» Exercise: Copy word for word the lines in the records below, starting at the line with "유막 제거를 제대로 하려면" and ending at the line with "LACED SQUARE-NECK TOP IN RIBBED SILK JERSEY". Skip the pictures.

» Given data:
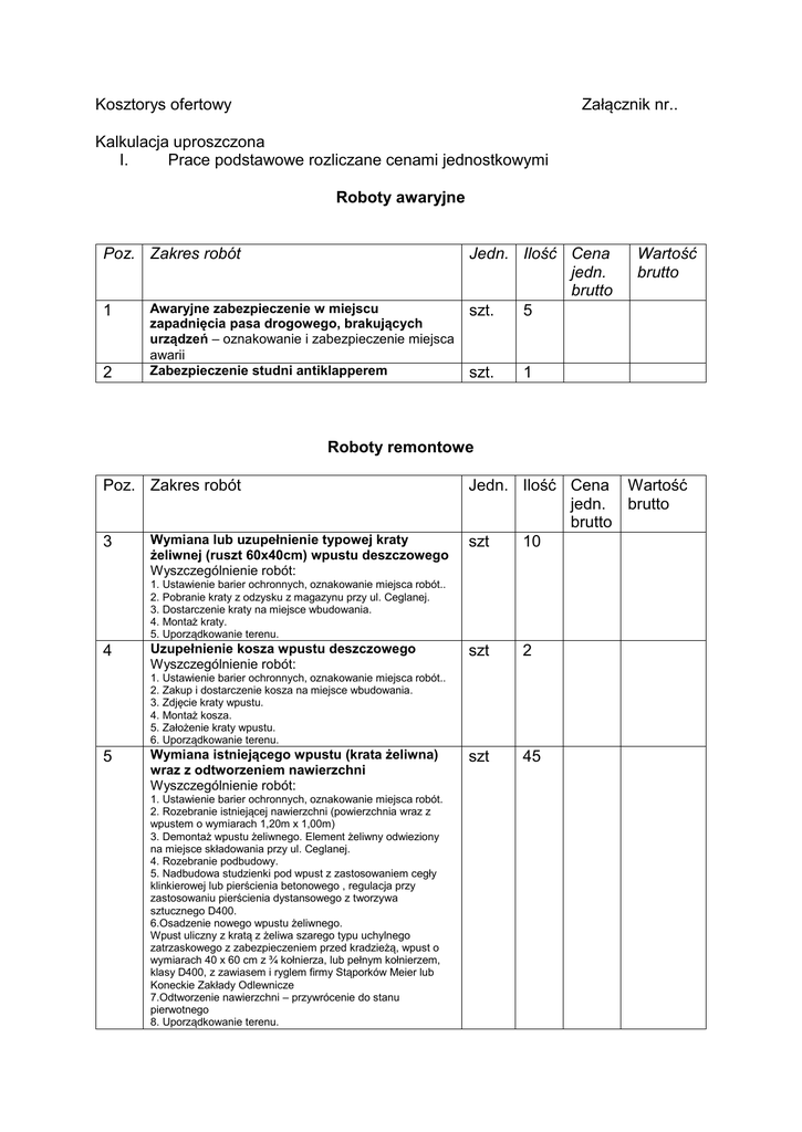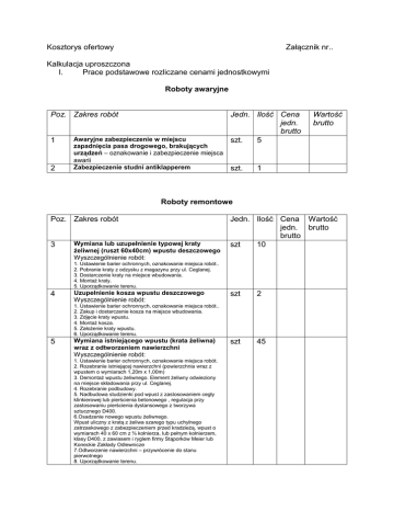 Załącznik nr.. Kosztorys ofertowy Kalkulacja uproszczona I. Prace podstawowe rozliczane cenami jednostkowymi Roboty awaryjne Poz. Zakres robót 1 2 Awaryjne zabezpieczenie w miejscu zapadnięcia pasa drogowego, brakujących urządzeń – oznakowanie i zabezpieczenie miejsca awarii Zabezpieczenie studni antiklapperem Jedn. Ilość Cena jedn. brutto szt. 5 szt. Wartość brutto 1 Roboty remontowe Poz. Zakres robót 3 Wymiana lub uzupełnienie typowej kraty żeliwnej (ruszt 60x40cm) wpustu deszczowego Wyszczególnienie robót: Jedn. Ilość Cena Wartość jedn. brutto brutto szt 10 1. Ustawienie barier ochronnych, oznakowanie miejsca robót.. 2. Pobranie kraty z odzysku z magazynu przy ul. Ceglanej. 3. Dostarczenie kraty na miejsce wbudowania. 4. Montaż kraty. 5. Uporządkowanie terenu. 4 Uzupełnienie kosza wpustu deszczowego Wyszczególnienie robót: szt 2 szt 45 1. Ustawienie barier ochronnych, oznakowanie miejsca robót.. 2. Zakup i dostarczenie kosza na miejsce wbudowania. 3. Zdjęcie kraty wpustu. 4. Montaż kosza. 5. Założenie kraty wpustu. 6. Uporządkowanie terenu. 5 Wymiana istniejącego wpustu (krata żeliwna) wraz z odtworzeniem nawierzchni Wyszczególnienie robót: 1. Ustawienie barier ochronnych, oznakowanie miejsca robót. 2. Rozebranie istniejącej nawierzchni (powierzchnia wraz z wpustem o wymiarach 1,20m x 1,00m) 3. Demontaż wpustu żeliwnego. Element żeliwny odwieziony na miejsce składowania przy ul. Ceglanej. 4. Rozebranie podbudowy. 5. Nadbudowa studzienki pod wpust z zastosowaniem cegły klinkierowej lub pierścienia betonowego , regulacja przy zastosowaniu pierścienia dystansowego z tworzywa sztucznego D400. 6.Osadzenie nowego wpustu żeliwnego. Wpust uliczny z kratą z żeliwa szarego typu uchylnego zatrzaskowego z zabezpieczeniem przed kradzieżą, wpust o wymiarach 40 x 60 cm z ¾ kołnierza, lub pełnym kołnierzem, klasy D400, z zawiasem i ryglem firmy Stąporków Meier lub Koneckie Zakłady Odlewnicze 7.Odtworzenie nawierzchni – przywrócenie do stanu pierwotnego 8. Uporządkowanie terenu. 9. Wywiezienie gruzu. 6 Regulacja pionowa istniejącego wpustu wraz z odtworzeniem nawierzchni Wyszczególnienie robót: szt 15 szt. 10 m 5 szt. 2 1. Ustawienie barier ochronnych, oznakowanie miejsca robót. 2. Rozebranie istniejącej nawierzchni (powierzchnia w rzucie wraz z wpustem o wymiarach 1,20m x 1,00m). 3. Demontaż wpustu żeliwnego. 4. Rozebranie podbudowy. 5. Nadbudowa studzienki pod wpust z zastosowaniem cegły klinkierowej lub pierścienia betonowego, regulacja przy zastosowaniu pierścienia dystansowego z tworzywa sztucznego D400. 6.Osadzenie istniejącego wpustu żeliwnego. 7.Odtworzenie nawierzchni – przywrócenie do stanu pierwotnego. 7 Wymiana całego wpustu deszczowego Wyszczególnienie robót: 1. Ustawienie barier ochronnych, oznakowanie miejsca robót. 2. Rozebranie istniejącej nawierzchni (powierzchnia w rzucie wraz z wpustem o wymiarach 1,20m x 1,00m). 3. Demontaż kraty żeliwnej. Element żeliwny odwieziony na miejsce składowania przy ul. Ceglanej. 4. Demontaż studzienki ściekowej, wyjęcie nadstawy, osadnika 5. Montaż studzienki ściekowej o średnicy 500mm z gotowych elementów betonowych z osadnikiem min. 0,5m. Wykonanie szczelnego włączenia istniejącego przykanalika do studzienki ściekowej. 6. Nadbudowa studzienki pod wpust z zastosowaniem cegły klinkierowej lub pierścienia betonowego , regulacja przy zastosowaniu pierścienia dystansowego z tworzywa sztucznego D400. 7.Osadzenie nowego wpustu żeliwnego z koszem. Wpust uliczny z kratą z żeliwa szarego typu uchylnego zatrzaskowego z zabezpieczeniem przed kradzieżą, wpust o wymiarach 40 x 60 cm z ¾ kołnierza lub pełnym kołnierzem, klasy D400, z zawiasem i ryglem firmy Stąporków Meier lub Koneckie Zakłady Odlewnicze 8.Odtworzenie nawierzchni – przywrócenie do stanu istniejącego. Uporządkowanie terenu. 10. Wywiezienie gruzu. 8 Wykonanie przykanalika ( lub wymniana) o średnicy 160 mm PCV , długości 1,0m i na głębokości 1,5m Wyszczególnienie robót: 1. Ustawienie barier ochronnych, oznakowanie miejsca robót. 2. Rozebranie istniejącej nawierzchni . 3. Rozebranie podbudowy. 4. Wykonanie wykopu na głębokość ok. 1,5 m. 5. Wykonanie podłoża z materiałów sypkich. 6. Montaż przykanalika i połączenie z istniejącą kanalizacja. 7. Zasypanie wykopu wraz zagęszczeniem. 8.Odtworzenie nawierzchni - przywrócenie do stanu pierwotnego 9. Uporządkowanie terenu. 10. Wywiezienie gruzu. 9 Regulacja istniejącego włazu studni wraz z odtworzeniem nawierzchni Wyszczególnienie robót: 1. Ustawienie barier ochronnych, oznakowanie miejsca robót. 2. Rozebranie istniejącej nawierzchni (powierzchnia w rzucie wraz z włazem o wymiarach 1,30m x 1,30m). 3. Rozebranie podbudowy. 4. Demontaż włazu żeliwnego. 5. Nadbudowa studzienki pod właz z zastosowaniem cegły klinkierowej lub pierścienia betonowego , regulacja przy zastosowaniu pierścienia dystansowego z tworzywa sztucznego D400. 6.Osadzenie istniejącego włazu żeliwnego. 7.Odtworzenie nawierzchni – przywrócenie do stanu pierwotnego. 8. Uporządkowanie terenu. 9. Wywiezienie gruzu 10 Wymiana istniejącego włazu studni wraz z odtworzeniem nawierzchni Wyszczególnienie robót: szt. 2 szt. 5 m2 40 m2 20 1. Ustawienie barier ochronnych, oznakowanie miejsca robót. 2. Rozebranie istniejącej nawierzchni (powierzchnia w rzucie wraz z włazem o wymiarach 1,30m x 1,30m). 3. Rozebranie podbudowy . 4. Demontaż włazu żeliwnego. Element żeliwny odwieziony na miejsce składowania przy ul. Ceglanej. 5. Nadbudowa studzienki pod właz z zastosowaniem cegły klinkierowej lub pierścienia betonowego , regulacja przy zastosowaniu pierścienia dystansowego z tworzywa sztucznego D400. 6. Montaż włazu kanalizacyjnego z/bez wentylacją z 2 ryglami z pokrywą typu BEGU o średnicy 600mm, klasy D400, produkcji firmy Stąporków Meier lub Koneckie Zakłady Odlewnicze. W nawierzchniach asfaltowych zastosowanie włazów samop
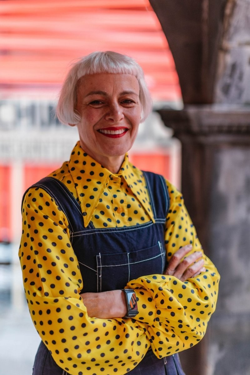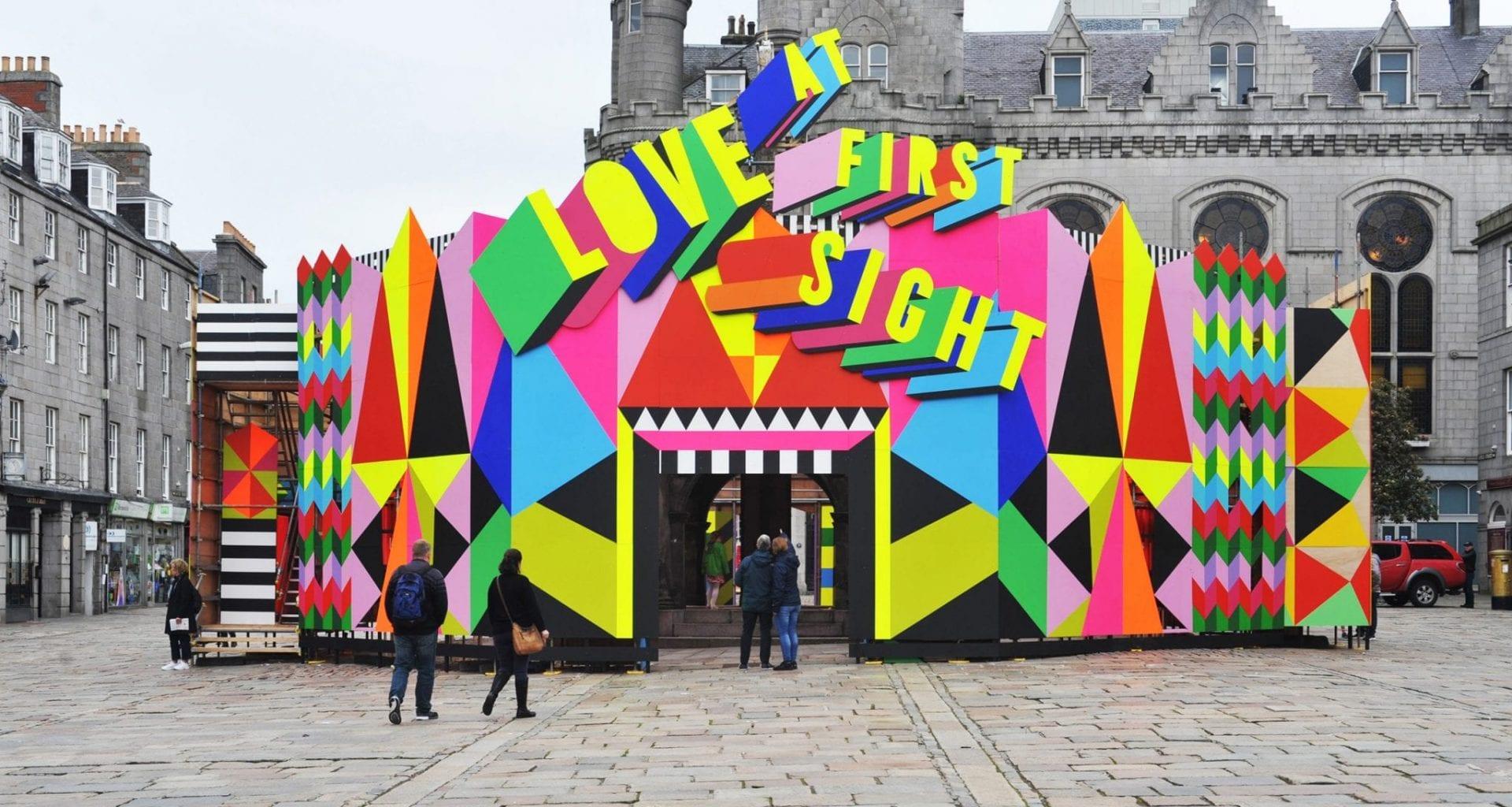 Morag Myerscough is well known for her large-scale structural installations which bring colour and life to public spaces across the country and internationally. Her work can be seen in Sheffield children’s hospital, Burntwood School, Design Museum, London and recent temporary installations from Aberdeen to Australia and New Zealand where the sense of place is understood and developed in collaboration with the local communities.
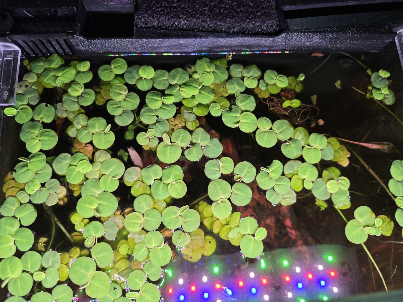 유막 제거를 제대로 하려면 부상 수초를 모두 치워야 합니다. 일반적인 걸이식 여과기에 달려있는 유막 제거 파츠도 그렇지만, 수면에 떠있는 유막을 제거하려면 부상수초를 치워야 하는건 마찬가지라서 사실 억까에 가깝습니다. 그냥 부상수초를 치우세요(..).
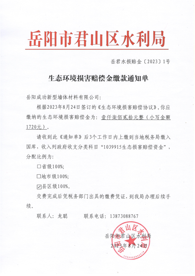 生态环境损害赔偿金缴款通知单 岳君水损赔金〔2023〕1号
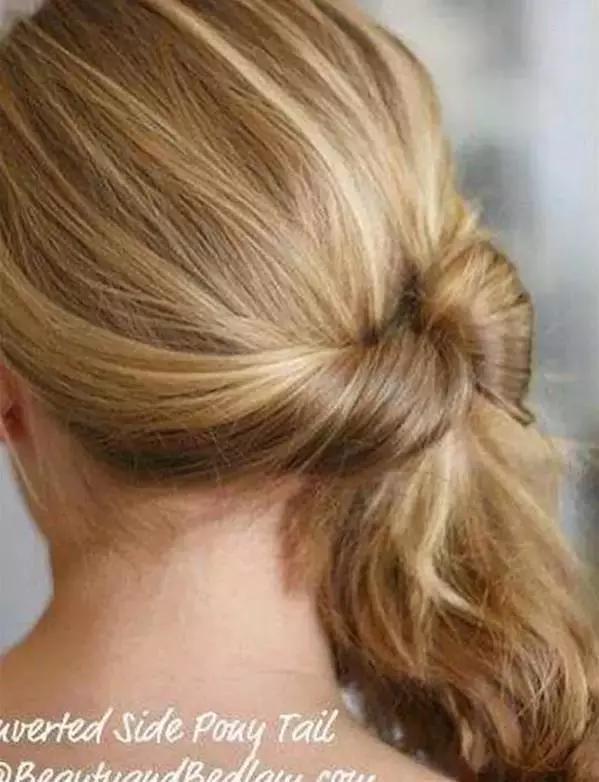 把馬尾兩邊的頭髮卷一卷,然後再變成倒馬尾就可以變成一個簡單的髮髻。
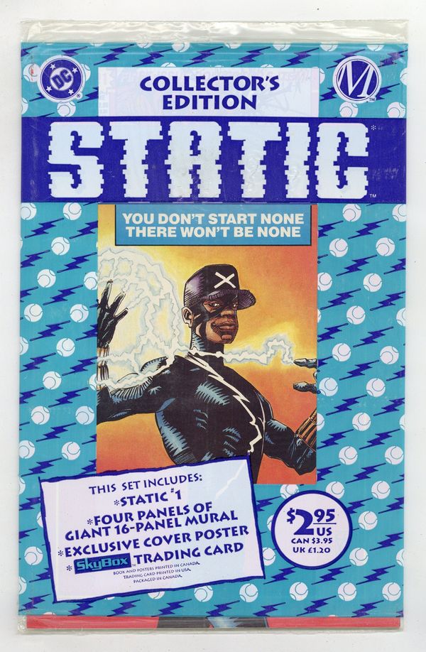 $8.20Direct Edition polybagged with: 1)Four panels of Giant 16-panel mural; 2) Exclusive cover poster; and 3) a Skybox trading card. Cover by Denys Cowan and Jimmy Palmiotti. Burning Sensation [Trial by Fire, Chapter One], script by Dwayne McDuffie and Robert L. Washington III, art by John Paul Leon and Steve Mitchell; Frieda goes to Akkad's place where the five alarm crew is waiting to take her somewhere; Static steps in and defeats them; Frieda goes home; Virgil asks Larry about asking Frieda out; Larry says he thinks Frieda believes they're just friends; the five alarm crew take Frieda to Hot-Streak; Static battles Hot-Streak, but when he sees his face he stops fighting and is defeated en by him. 36 pgs., full color. $2.95. Cover price $2.95.
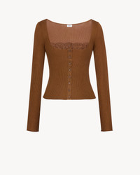 LACED SQUARE-NECK TOP IN RIBBED SILK JERSEY
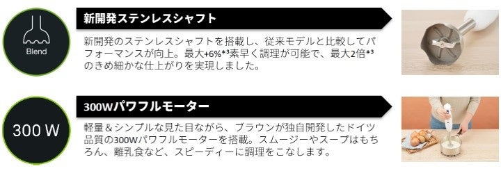 今回発売するMQ1シリーズは、ブラウンのハンドブレンダーの中で最軽量*¹かつコンパクトさが特長のモデルです。重量はわずか610gと軽量ながら、ブラウンが独自開発したドイツ品質の300Wのパワフルモーターを搭載し、スムージーやスープなど「つぶす」「まぜる」といった工程が必要な調理を、スピーディーにサポートします。操作は手元のON/OFFボタンを押すだけでスピード調理が簡単にでき、新採用の「イージーツイストシステム」で本体を回すだけで簡単にアタッチメントの交換もできます。新開発のステンレスシャフトを搭載し、従来モデルと比較してパフォーマンスが向上。最大+6%*³素早く調理が可能で、最大2倍*³のきめ細かな仕上がりを実現しました。
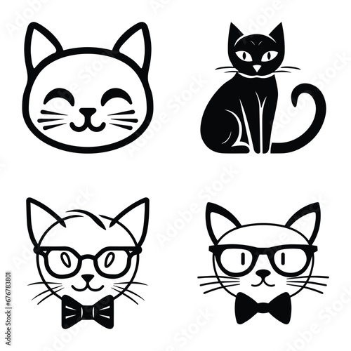 Obraz premium Cats3 Flat Icon Set Isolated On White Background
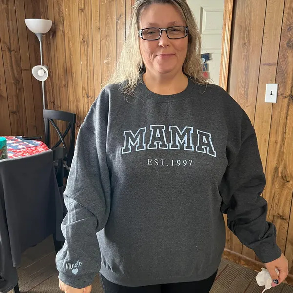 С вышивкой MAMA имя взрослого с круглым воротником свитер толстовка с вышивкой 1
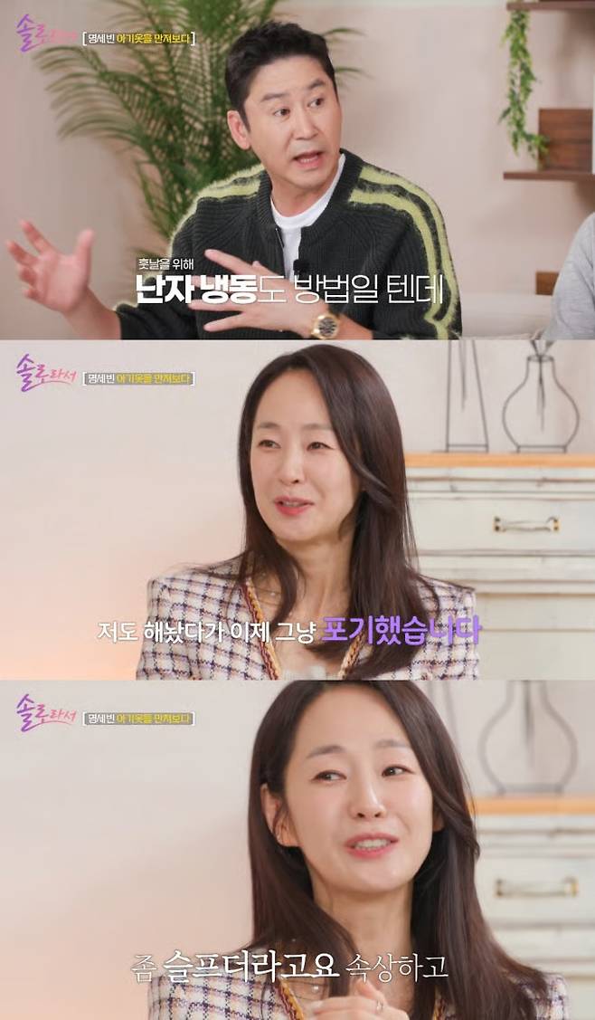 난자 냉동 연장을 포기한 이유에 대해 명세빈은 "난자만 있어서 될 게 아니라 착상도 해야 하지 않나. 앞으로의 과정들이 쉽지 않을 거 같아서 포기했다"며 "좀 슬프고 속상하더라. 그날은 기분이 이상했다"라며 "나의 삶은 이렇게 살아가야 하는 건가 보다"라고 말하고는 씁쓸하게 웃었습니다.
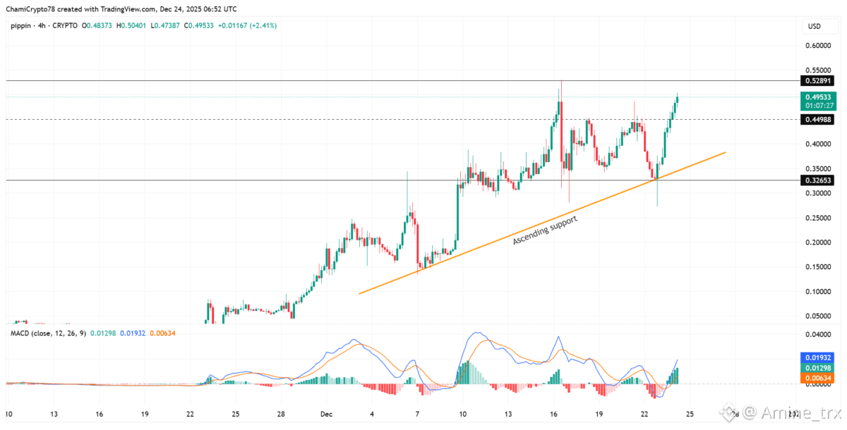 يحترم PIPPIN هيكلًا صعوديًا واضحًا على الإطار الزمني لأربع ساعات، حيث انطلق السعر من نطاق الدعم بين 0.32 – 0.33.
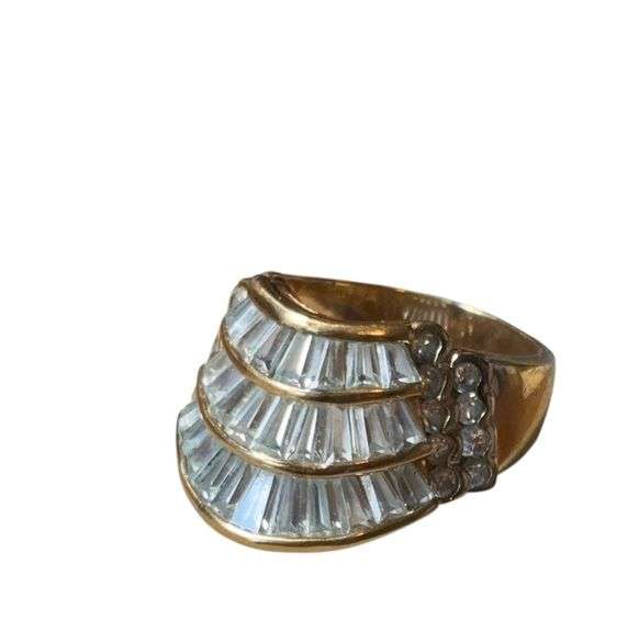 LOT 192 - Sterling Silver Gold Plate Cluster CZ Ring

» Task solution:
 유막 제거를 제대로 하려면 부상 수초를 모두 치워야 합니다. 일반적인 걸이식 여과기에 달려있는 유막 제거 파츠도 그렇지만, 수면에 떠있는 유막을 제거하려면 부상수초를 치워야 하는건 마찬가지라서 사실 억까에 가깝습니다. 그냥 부상수초를 치우세요(..).
 生态环境损害赔偿金缴款通知单 岳君水损赔金〔2023〕1号
 把馬尾兩邊的頭髮卷一卷,然後再變成倒馬尾就可以變成一個簡單的髮髻。
 $8.20Direct Edition polybagged with: 1)Four panels of Giant 16-panel mural; 2) Exclusive cover poster; and 3) a Skybox trading card. Cover by Denys Cowan and Jimmy Palmiotti. Burning Sensation [Trial by Fire, Chapter One], script by Dwayne McDuffie and Robert L. Washington III, art by John Paul Leon and Steve Mitchell; Frieda goes to Akkad's place where the five alarm crew is waiting to take her somewhere; Static steps in and defeats them; Frieda goes home; Virgil asks Larry about asking Frieda out; Larry says he thinks Frieda believes they're just friends; the five alarm crew take Frieda to Hot-Streak; Static battles Hot-Streak, but when he sees his face he stops fighting and is defeated en by him. 36 pgs., full color. $2.95. Cover price $2.95.
 LACED SQUARE-NECK TOP IN RIBBED SILK JERSEY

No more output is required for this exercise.